Когда мы появились в сквере в следующий раз, милиционеры по-прежнему находились там, будто никуда не исчезали, они, похоже, вообще надежно прописались среди кустов и деревьев, обосновались там со всеми удобствами, на прикрытой акатником полянке даже разложили надувные матрасы, входившие тогда в моду у купальщиков. В схоронке своей они просидели полторы недели, но раскрыть преступление так и не смогли. Вино таинственным образом продолжало исчезать из ларька.
Так продолжалось до тех пор, пока к милиционерам не приехал знаменитый дядя Володя Чванов – в прошлом марьинорощинский сыщик. Дядя Володя был тяжело ранен на фронте, списан из армии подчистую, но без разных боевых приключений уже обходиться не мог и в сорок третьем году начал работать в Марьиной Роще помощником оперуполномоченного… В общем, повидал он тут много чего интересного.

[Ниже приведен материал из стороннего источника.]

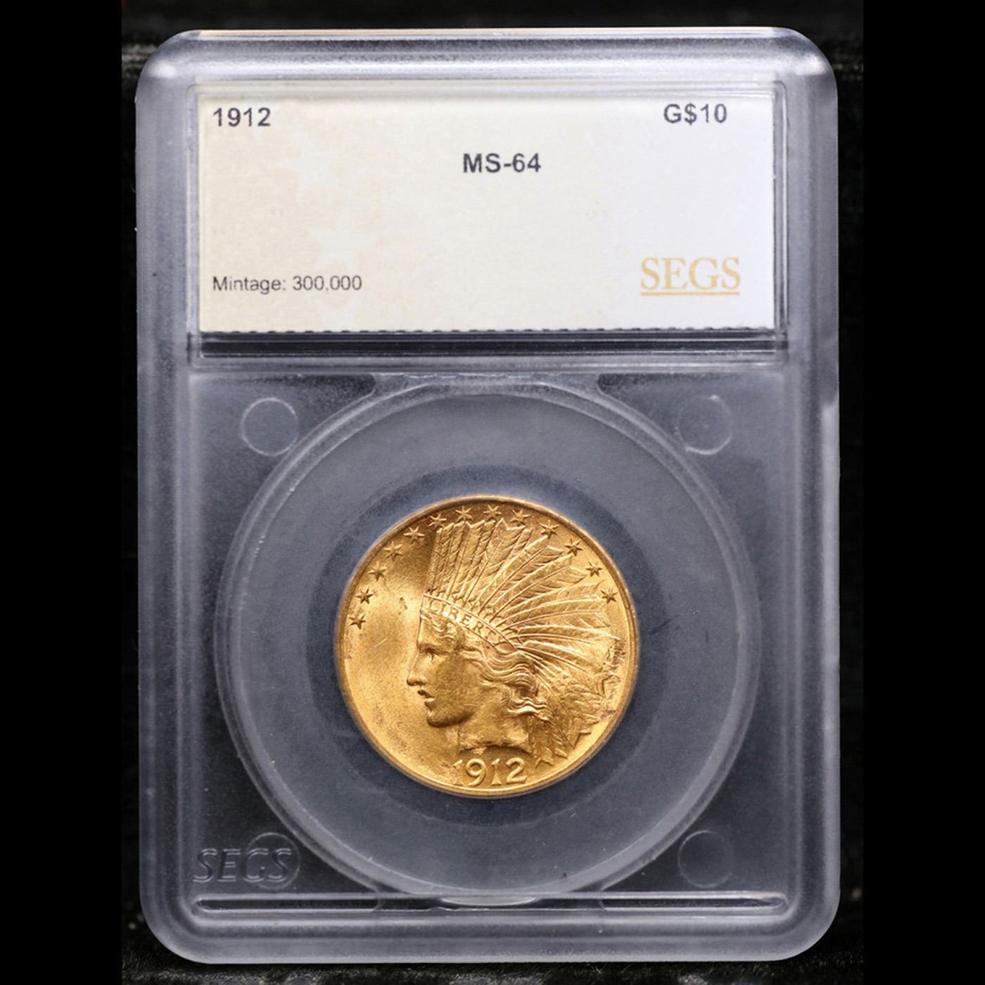 1912-p Gold Indian Eagle $10 Graded ms64 By SEGS.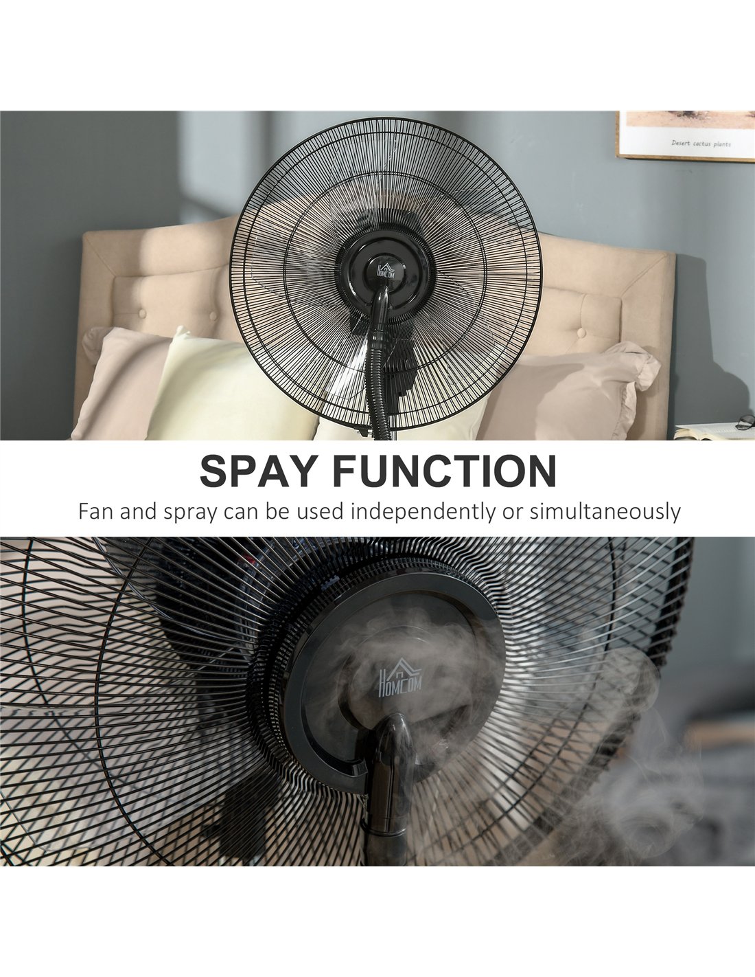 The HOMCOM 16" pedestal fan with water mist spray is an ideal addition to any British home seeking relief during warm weather. Perfect for living rooms, bedrooms, conservatories, or home offices, it provides a refreshing breeze combined with gentle humidification. Thanks to its adjustable mist levels and three fan speeds, it suits various needs—from a light natural airflow during work hours to a soothing sleep mode at night. The integrated electric mosquito killer jack ensures a comfortable, bug-free environment, making it especially useful for summer evenings on patios or near open windows. Its compact design with wheels allows easy relocation, so you can enjoy cool air wherever you need it most.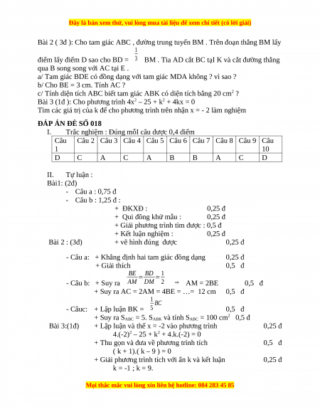 Tìm các giá trị của k để cho phương trình trên nhận x = - 2 làm nghiệm ĐÁP ÁN ĐÈ SỐ 018 I.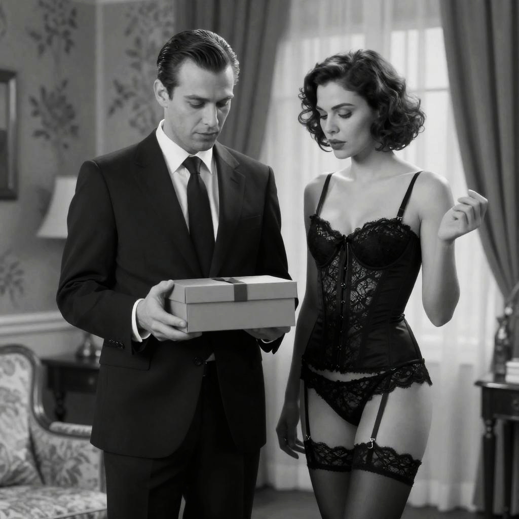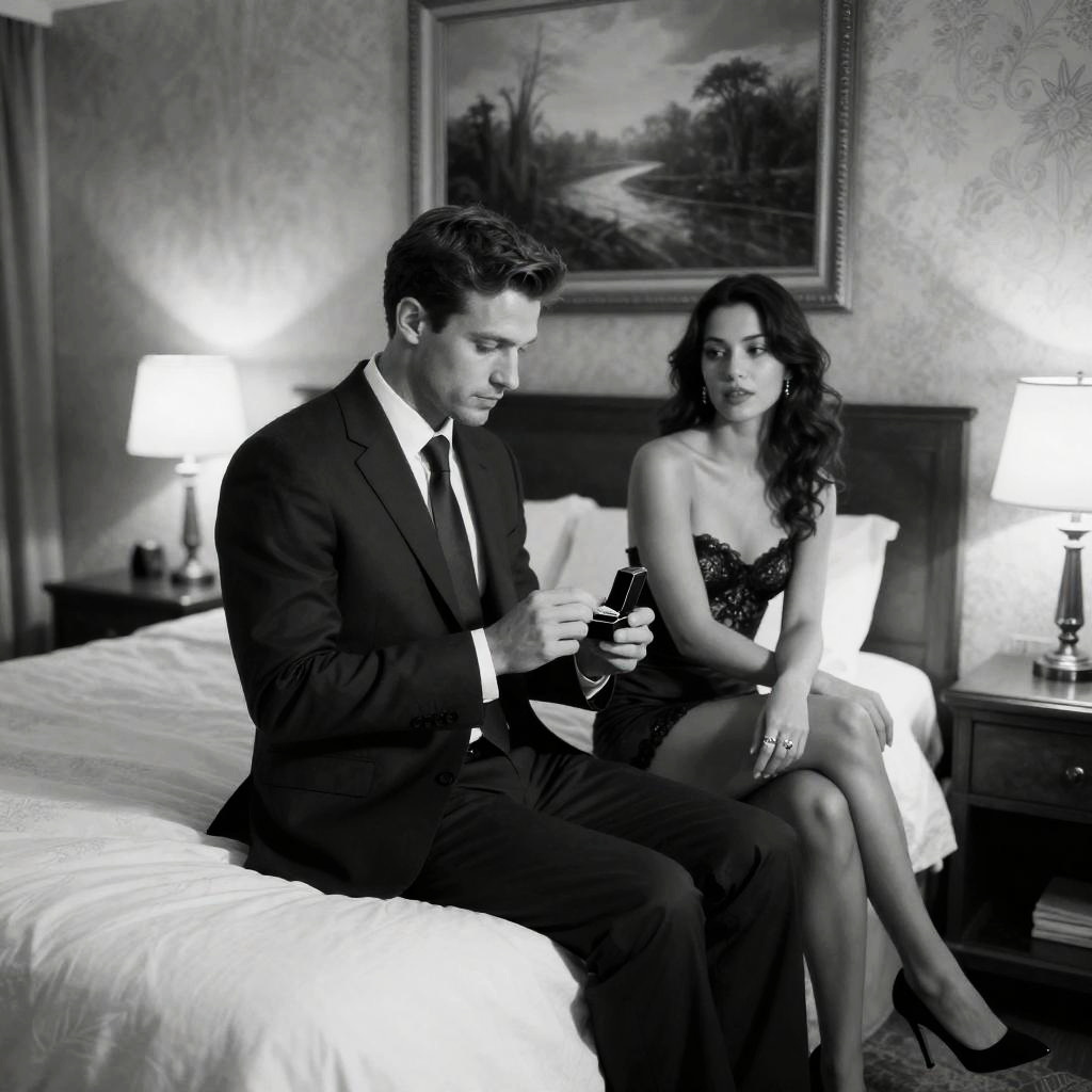 Black-and-white photograph of a man and woman in a bedroom. Man in dark suit holding a ring, woman in lacy strapless top and black high heels, sitting on a bed with patterned wallpaper and framed painting in background. Man's focused expression, woman's relaxed look. Lamp on bedside table.

Марьину Рощу не забывал и в пору, когда был уже полковником, лучшим милицейским следователем и раскрыл крупного серийного убийцу, ставшего известным всей Москве под кличкой Мосгаз. Мосгазом оказался довольно популярный актер, хохмач-армянин по фамилии Ионесян. Лет через двадцать после наших с Каминским походов в пивные шалманы Марьиной Рощи я познакомился и подружился с дядей Володей. Настолько крепко подружился, что дал ему, пишущему человеку, и очень недурно, между прочим, пишущему, рекомендацию в Союз писателей. И он стал членом СП…
Дядя Володя осмотрел ларек со всех четырех сторон, исследовал плоскую, как футбольное поле, крышу, не нашел на ней ни одной царапины, затем заглянул под ларек, стоявший на четырех бетонных пеньках. Под ларьком также ничего не было, только видна была решетка для стока дождевой воды. Дядя Володя усмехнулся хитро, будто сунул в карман рубль, а при следующем заходе в эту нужную часть одежды обнаружил вместо рубля трешку.

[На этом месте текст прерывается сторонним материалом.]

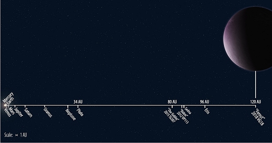 É o primeiro objeto do Sistema Solar detectado a uma distância maior do que 100 vezes a distância entre a Terra e o Sol – essa distância é conhecida como unidade astronômica (ua).
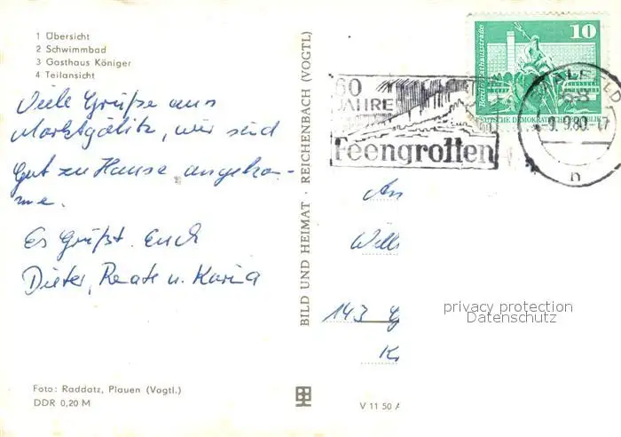 Marktgoelitz Panorama Schwimmbad Gasthaus Teilansicht Marktgoelitz postalisch gelaufen 1980 Erhaltung siehe scans [FriedD77] Frierer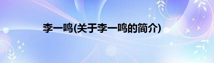 李一鸣(关于李一鸣的简介)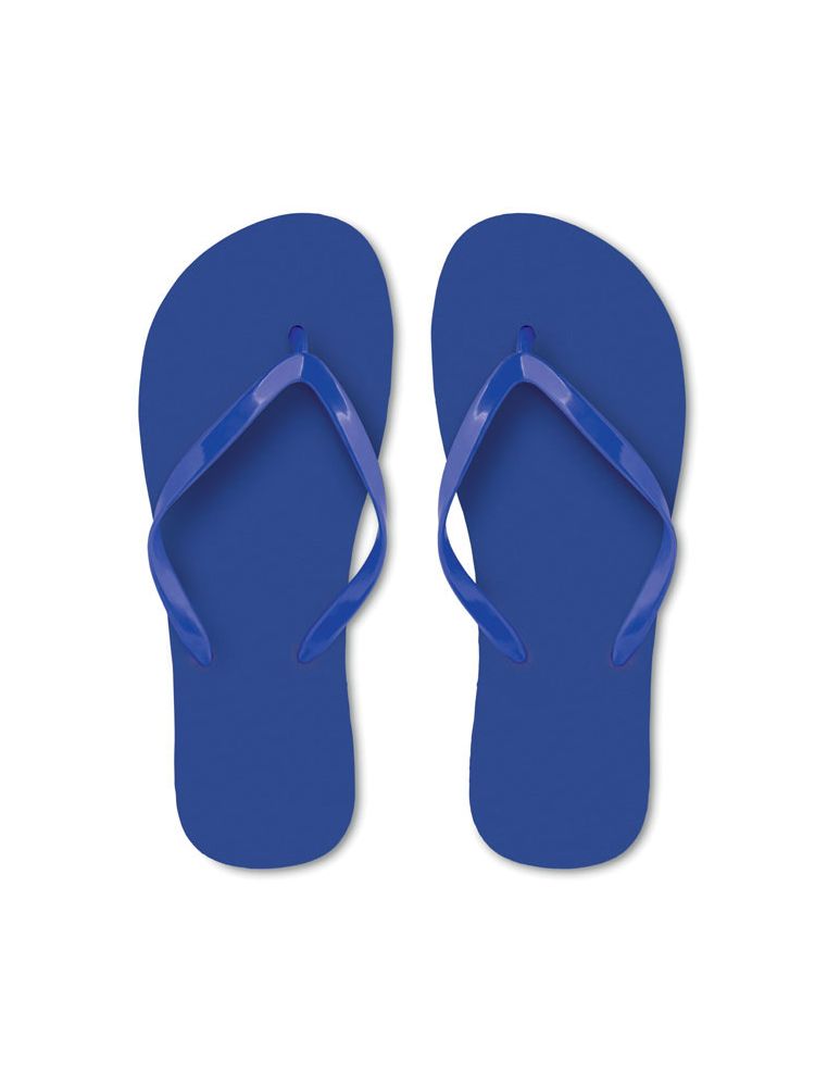 Plażowe japonki z podeszwą z polietylenu i paskiem z PVC. Dostępne w dwóch rozmiarach, M (36-39) i L (40-43).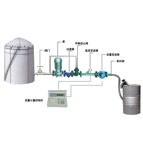 液体定量装桶设备采用质量计量方式。系统由定量计量控制仪和管道流量变送器温度传感器等组成。在液体输送过程中,适时采集流量信号和温度变化信号。控制仪表在初始输入该液体20℃的标准密度,然后将流量信号和温度信号通过换算系数进行同步换算,以计算出液体的质量公斤数,在达到预置的定量发送数量时自动控制停泵关阀,精度达到0.2%的定量质量计量。仪表还可打印出此次发送液体的公斤数。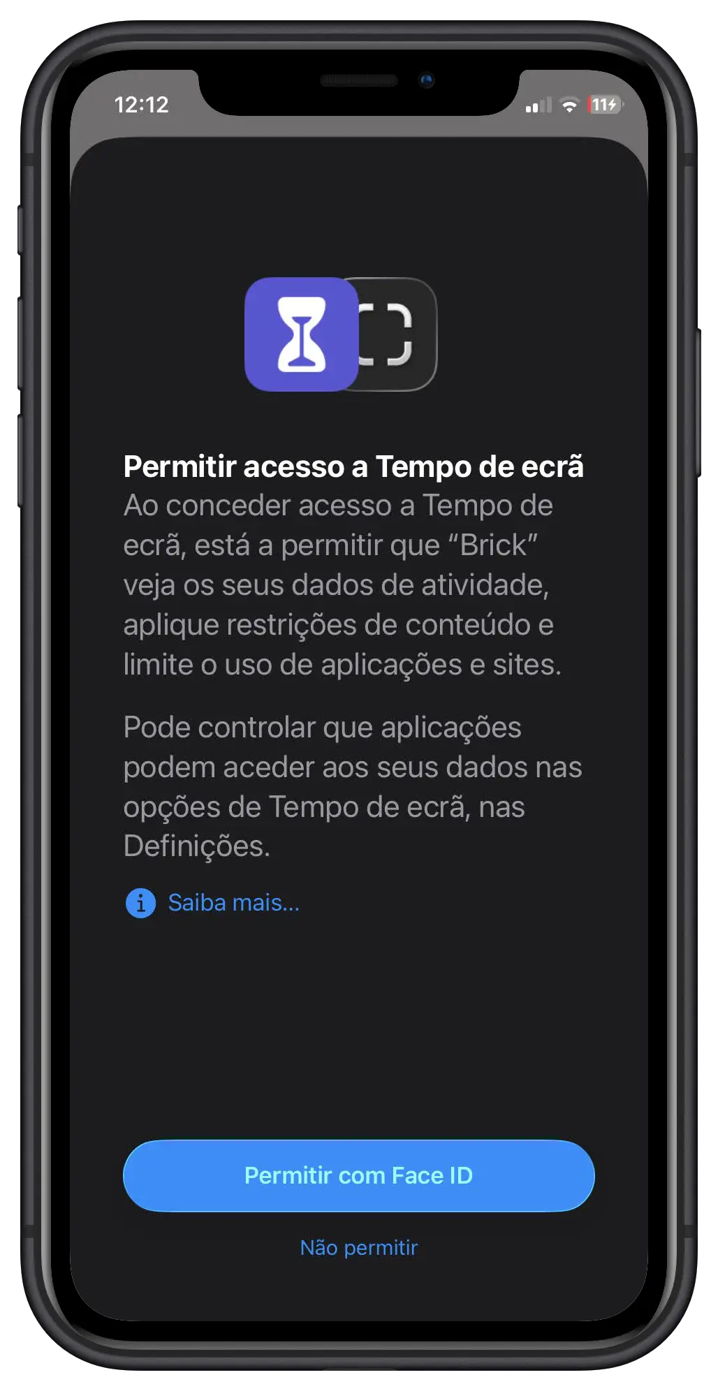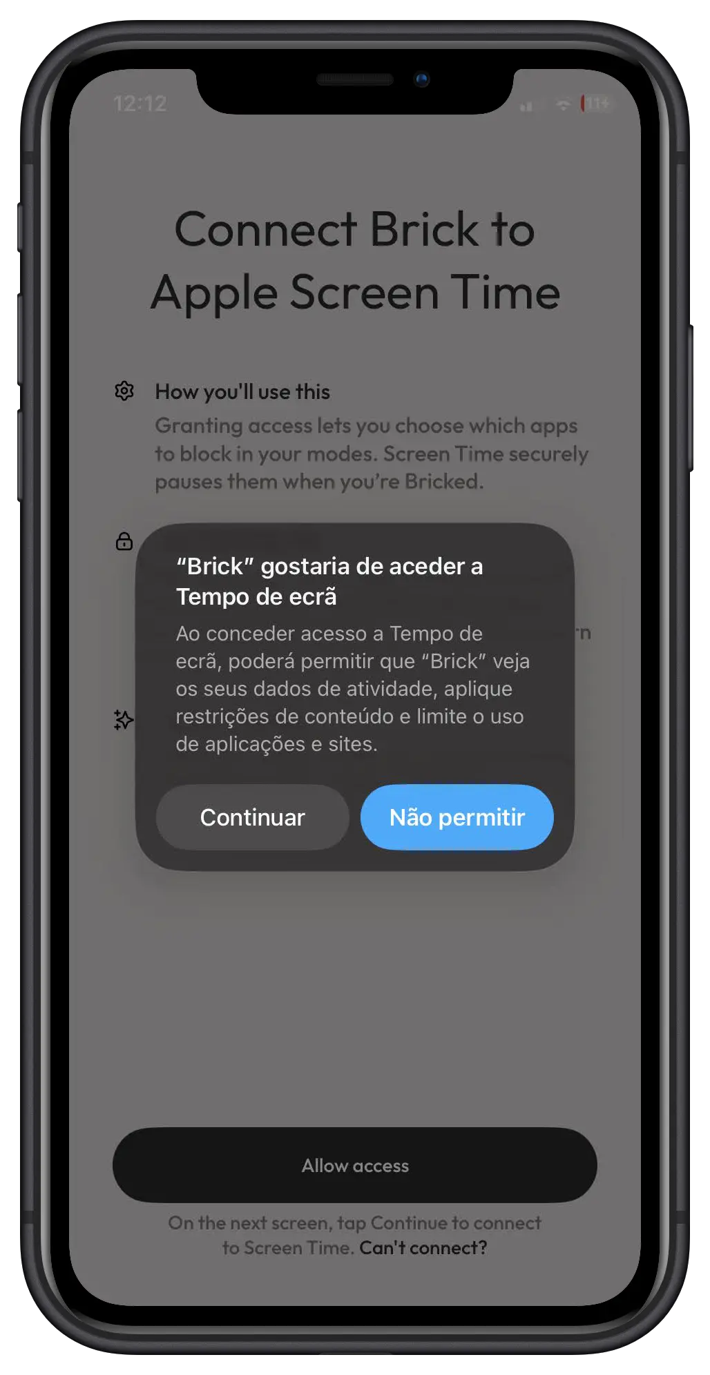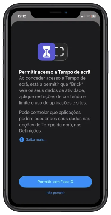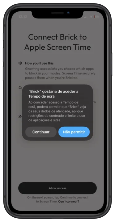 No iPhone, a app vai pedir acesso ao Tempo de ecrã; no Android, às Definições de acessibilidade. É isto que permite ao Brick bloquear ou permitir certas aplicações.

Среди столпов российской милиции дядя Володя Чванов считался лучшим аналитиком, – лучше его не было, – и одновременно считался лучшим следователем. Лучшего «следака», чем он, в милиции также не было.

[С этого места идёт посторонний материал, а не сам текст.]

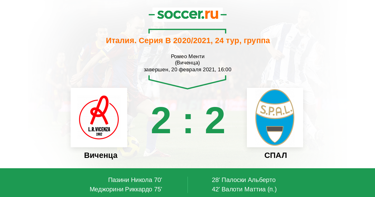 Протокол матча Виченца против СПАЛ

Он выдернул из засады двух опухших от безделья и сна оперативников, подозвал к себе подполковника, приехавшего из МУРа – Московского уголовного розыска, конторы очень серьезной, и сказал:
– Значит, так, – кражи совершают малолетки. Делают это очень просто. Видите под ларьком решетку для стока воды? Она – незакрепленная, снимается очень легко. Прямо над ней находится люк ларька, который продавщица снимает каждый раз, когда приходит на работу, ей же надо мыть кружки, самой мыть руки и так далее. Люк тоже незакрепленный… Малолетки пробираются сюда по водостоку, отодвигают решетку, приподнимают люк и оказываются в ларьке. Засовывают себе в карманы бутылки по четыре вина и тем же путем, через незакрепленный люк уходят. Люк ставят на место самым тщательным образом, чтобы продавщица ни о чем не догадалась. Бутылки открывают тут же, содержимое сливают в водосток, а посуду сдают в ближайший пункт приема стеклотары. На вырученные деньги покупают себе мороженое. Вот и все уголовное дело.
Темная бутылка из-под вина 0,75 стоила тогда, между прочим, восемнадцать копеек, светлая поллитровка – двенадцать копеек. Для мелюзги, лишь недавно начавшей ходить в школу, это были неплохие деньги. Мороженого можно было съесть столько, что на ушах колючая изморозь может появиться, а отдельные умельцы потом до глубокой старости, до восьмидесяти лет, будут бороться с хронической ангиной.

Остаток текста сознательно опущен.